Lost Twin Brother, Mother and Father

by John
(Minneapolis, MN)

Within the first 24 hours of my life, I lost my mother, my father and my twin brother. Choices were made that created the separation from my family – those choices were out of my control. Everything that I needed in the world vanished. I have spent the majority of my life trying to find family or at least find closure. My twin brother and I were separated when we were relinquished by our mother right after birth. Our biological parents were both married, just not to each other. So there was never a chance to have a normal home with our mother and father. I survived the various foster homes, but all the time missing my twin brother. Since we grew together in our mother’s womb, our spirits know each other in a way that other non-twins just don’t understand. Even though I have no conscious memory of my brother, my spirit has never forgotten our bond. I dream of my twin and connect with him in sleep and sometimes it happens when I am awake.

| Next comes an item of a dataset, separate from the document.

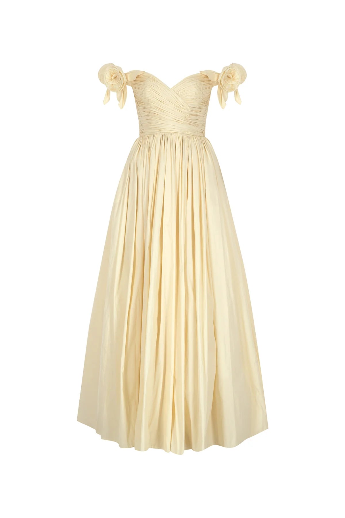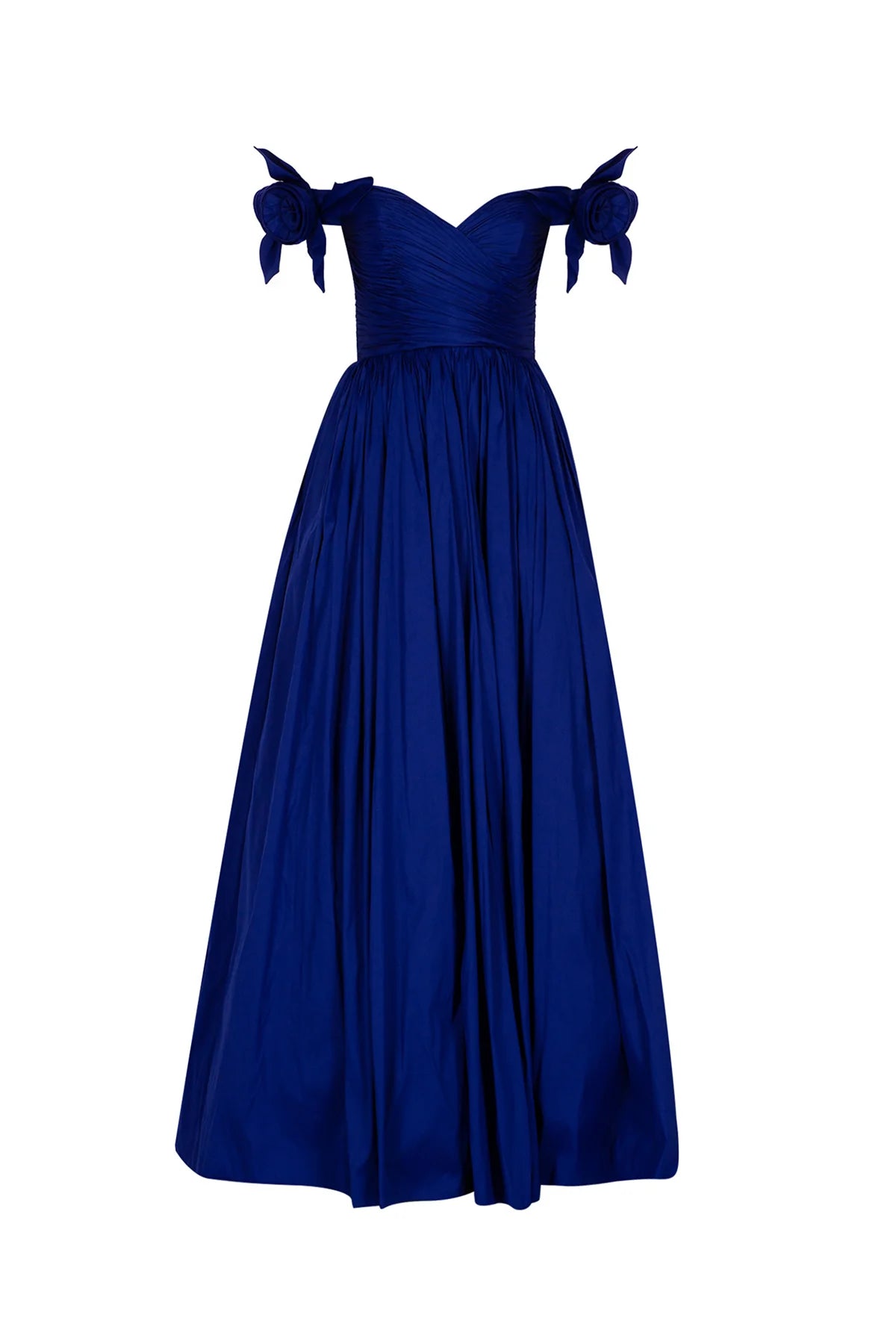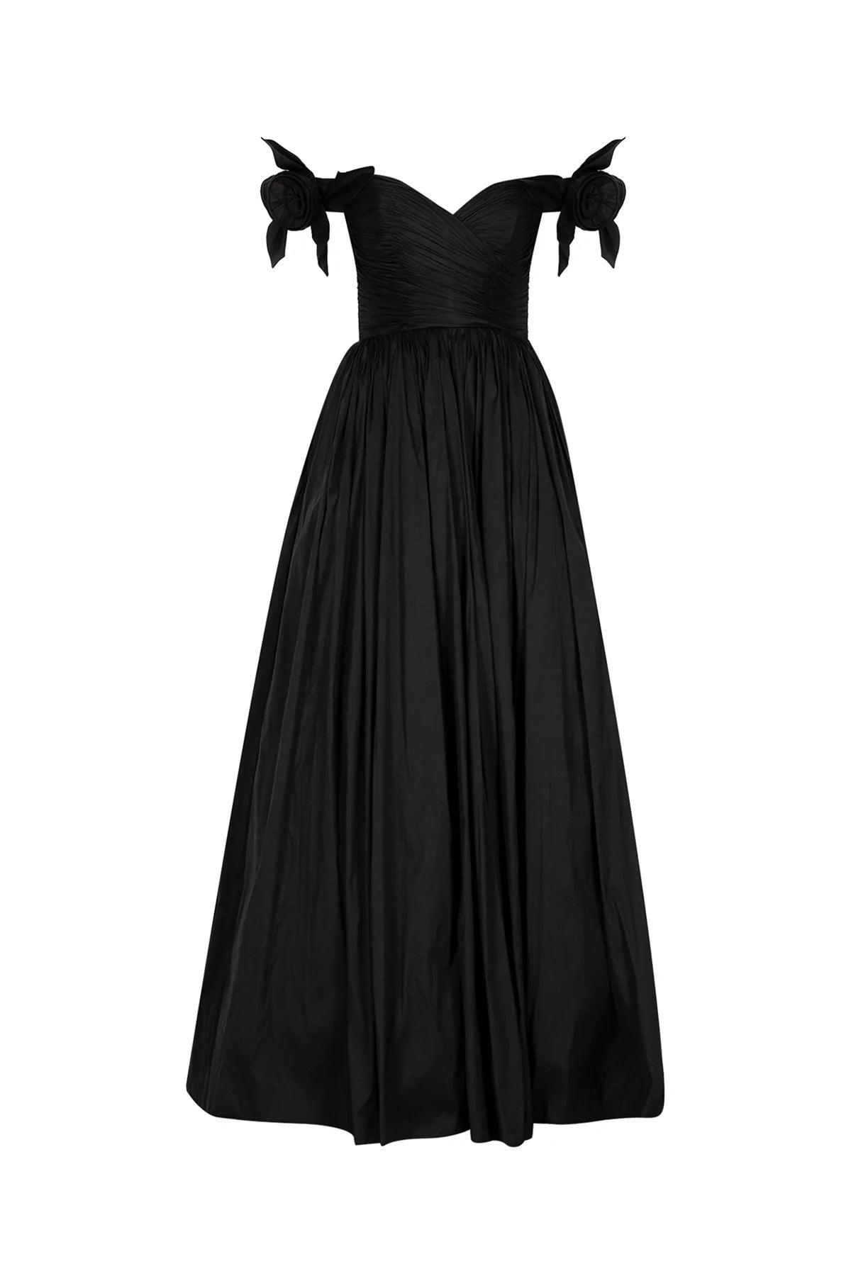 OMUZ AÇIK GÜL APLİKELİ PRENSES KESİM UZUN ABİYE ELBİSE 2029

I went through the first 36 years of my life with this extra ordinary connection that no one around me knew about or could understand. When I became an adult, I began my search for family origins. It took many years, but I found my biological mother when I was 36 years old. She told me about my brother and that his name was James. Now I could finally make sense of the connection and extreme sense of missing someone. Now I knew that I was not just crazy and that these perceptions were indeed real. My mother told me what my birthfather’s name was as well. I searched for him for 6 months, but only found him 40 days after he had died... A dream deferred. So now I had located my mother and dead father… And confirmed that I had a twin… Where is James? Diving deeper into my search for my brother, brought me back to the state of Michigan. I have uncovered lies, deceptions and false information provided by the state in the search for my brother. For example, I have 3 different birth dates, depending on which document you look at. The bottom line, is that the information I need to find my twin brother is being withheld or has been destroyed. I am now 42 years old and it doesn’t feel like I am ever going to be able to reconnect with my twin brother James. I will never ever have closure – until I die. I have hired 3 different detectives over time to help me, but still not successful. If anyone would like to help me, or can donate to recruit more help, I would be grateful.
Hope and Guilt
Hope is always there that I will someday reunite with my twin brother, because I don't know if he is alive in this world or not.
Guilt is there too... I have been trying to find my brother for so long that it has really taken a toll on me emotionally and my relationships with my family - so much that at times I have to stop the obsession and the search so that I can focus on who is directly in my life. But this makes me feel guilty - like I gave up on my brother and therefore myself. Thank you for entertaining my story.